Data records:

○ ○ ○ ○ ○

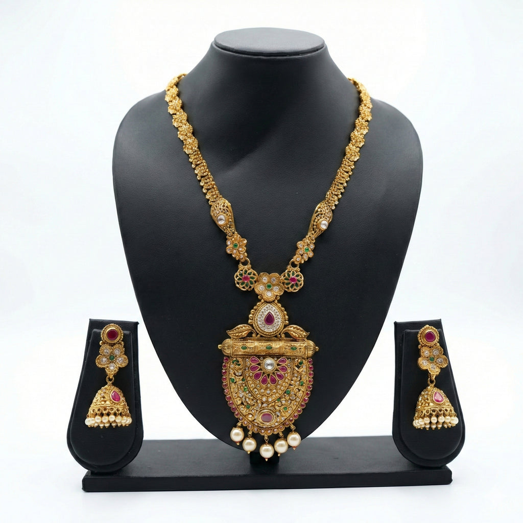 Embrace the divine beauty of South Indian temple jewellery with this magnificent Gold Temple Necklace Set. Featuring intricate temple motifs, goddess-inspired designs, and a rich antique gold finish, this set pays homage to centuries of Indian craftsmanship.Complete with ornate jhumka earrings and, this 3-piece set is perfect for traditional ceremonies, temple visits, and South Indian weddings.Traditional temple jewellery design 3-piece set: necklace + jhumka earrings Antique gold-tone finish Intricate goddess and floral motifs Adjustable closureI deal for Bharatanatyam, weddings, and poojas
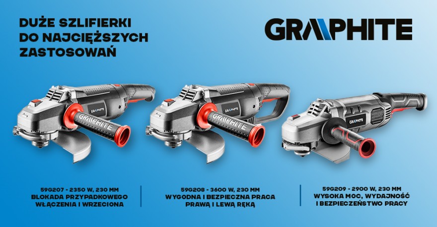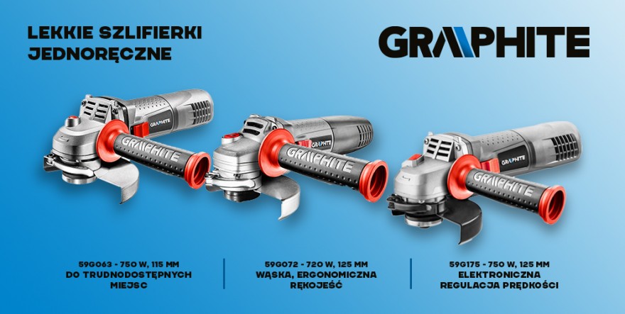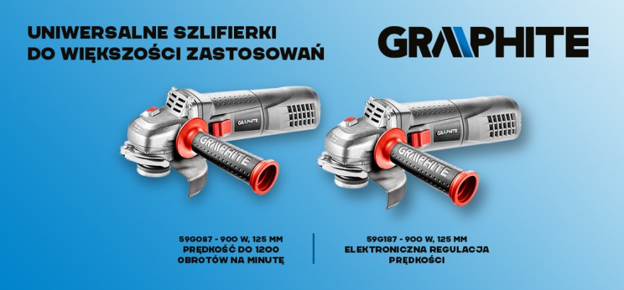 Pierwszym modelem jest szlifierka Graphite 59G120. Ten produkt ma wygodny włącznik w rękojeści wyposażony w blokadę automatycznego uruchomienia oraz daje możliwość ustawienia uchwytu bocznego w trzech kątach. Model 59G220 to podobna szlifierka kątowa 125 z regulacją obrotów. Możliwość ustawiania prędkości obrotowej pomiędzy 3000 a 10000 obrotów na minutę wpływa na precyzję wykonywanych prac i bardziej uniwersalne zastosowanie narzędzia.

○ ○ ○ ○ ○

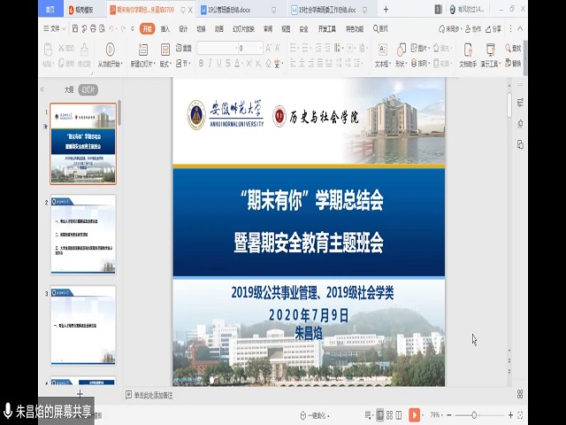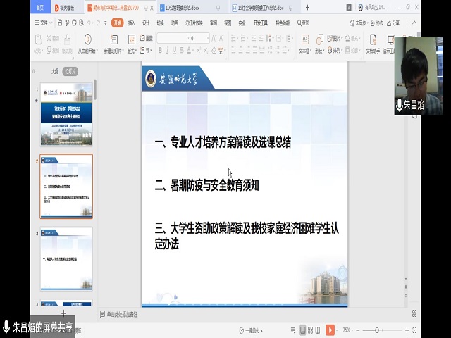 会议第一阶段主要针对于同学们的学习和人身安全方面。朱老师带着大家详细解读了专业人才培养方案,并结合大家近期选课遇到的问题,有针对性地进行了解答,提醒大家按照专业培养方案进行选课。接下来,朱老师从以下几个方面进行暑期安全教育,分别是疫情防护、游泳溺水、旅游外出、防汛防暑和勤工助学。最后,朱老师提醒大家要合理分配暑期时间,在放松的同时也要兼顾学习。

○ ○ ○ ○ ○

Instructions to follow: Everything from the line above that contains "Embrace the divine" down to the line that contains "Pierwszym modelem jest" must be reproduced exactly, both ends included. Omit the pictures.

Exercise solution:
 Embrace the divine beauty of South Indian temple jewellery with this magnificent Gold Temple Necklace Set. Featuring intricate temple motifs, goddess-inspired designs, and a rich antique gold finish, this set pays homage to centuries of Indian craftsmanship.Complete with ornate jhumka earrings and, this 3-piece set is perfect for traditional ceremonies, temple visits, and South Indian weddings.Traditional temple jewellery design 3-piece set: necklace + jhumka earrings Antique gold-tone finish Intricate goddess and floral motifs Adjustable closureI deal for Bharatanatyam, weddings, and poojas
 Pierwszym modelem jest szlifierka Graphite 59G120. Ten produkt ma wygodny włącznik w rękojeści wyposażony w blokadę automatycznego uruchomienia oraz daje możliwość ustawienia uchwytu bocznego w trzech kątach. Model 59G220 to podobna szlifierka kątowa 125 z regulacją obrotów. Możliwość ustawiania prędkości obrotowej pomiędzy 3000 a 10000 obrotów na minutę wpływa na precyzję wykonywanych prac i bardziej uniwersalne zastosowanie narzędzia.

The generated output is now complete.